The US Department of Homeland Security released a fact sheet of a first time meeting between State Councilor and Minister of Public Security of the People's Republic of China (PRC) Guo Shengkun and U.S. Secretary of Homeland Security Jeh Johnson "to discuss homeland security and law enforcement cooperation." Areas where they pledged to work together included cyberterrorism, repatriation and fugitive issues, intellectual property, and counter-terrorism.
When reporting on this, The Guardian focused mostly on the fugitive and repatriation issues:
Chinese public security authorities said the US supported Chinese programmes dubbed "Sky Net" and "Operation Fox Hunt", which are meant to coordinate a campaign to track down suspected corrupt officials who have fled overseas and to recover their assets.
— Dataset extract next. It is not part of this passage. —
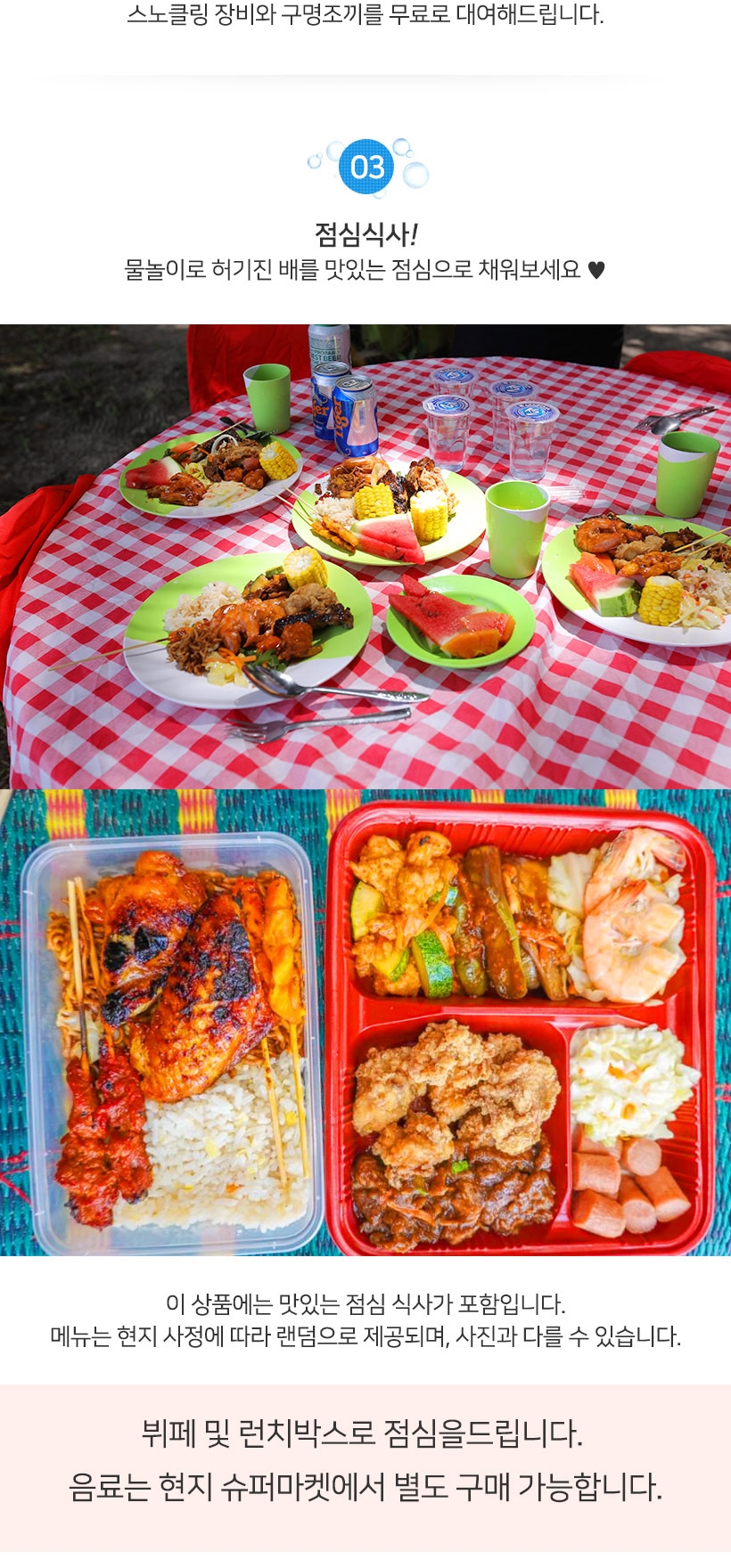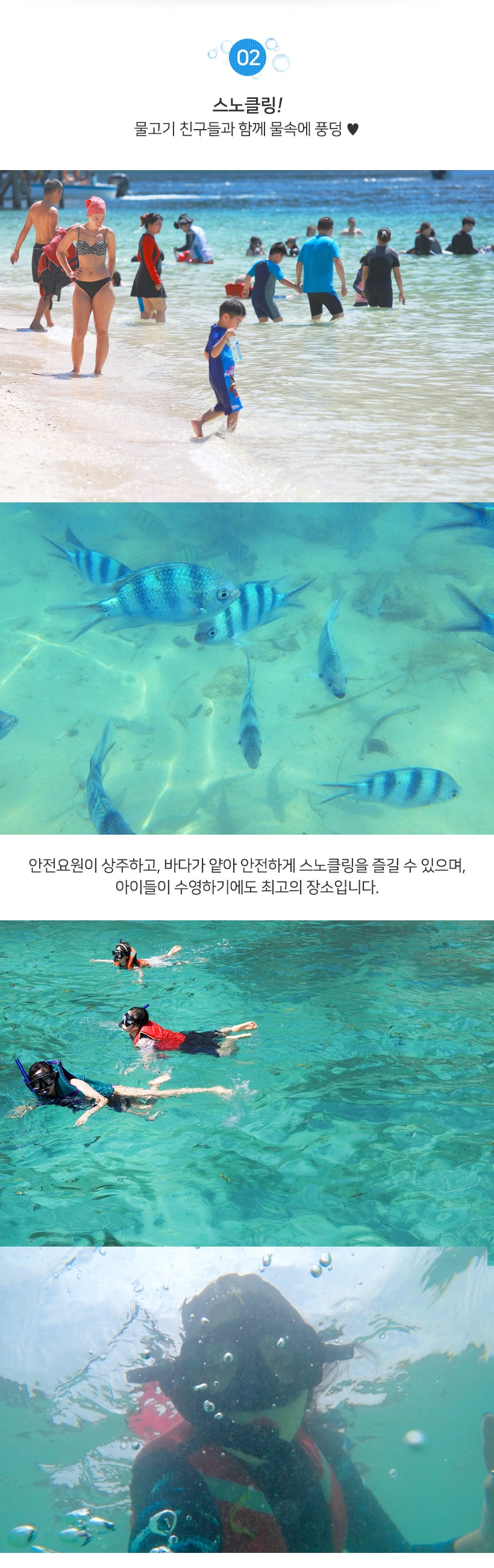 - 스노클링 체험시 날카로운 산호에 다치지 않도록 개인안전에 주의바랍니다.

The Chinese government has given the US a priority list of Chinese officials suspected of corruption and who are believed to have fled there, state media has reported.
One might speculate that this program could be easily abused to add political refugees to the list of "corrupt" officials as well. This seems it could be a slippery slope for the US from an ideological standpoint.
(Score: 4, Informative) by Phoenix666 on Thursday April 16 2015, @09:51PM
The United States did the same exact thing to British intellectual property [foreignpolicy.com] at the beginning. America has achieved a lot under its own steam, but let's eschew the fiction of immaculate conception.
But, yeah, cooperating with China on law enforcement is a bit like cooperating with Stalin on business incentives.
Washington DC delenda est.
(Score: 2) by frojack on Thursday April 16 2015, @11:52PM
Your link is so full of crap-java it is unreadable.
Never the less, the situation is different, as we have treaties with China about this stuff, where as we never did have those with the British.
No, you are mistaken. I've always had this sig.
(Score: 1) by kadal on Friday April 17 2015, @01:05AM
It was pretty readable with NoScript on Pale Moon.
(Score: 2) by Joe Desertrat on Friday April 17 2015, @01:37AM
Worked fine with Firefox with Noscript. I didn't have to allow any scripts either.
(Score: 0) by Anonymous Coward on Friday April 17 2015, @01:16AM
Could you let those guys know their website isn't working?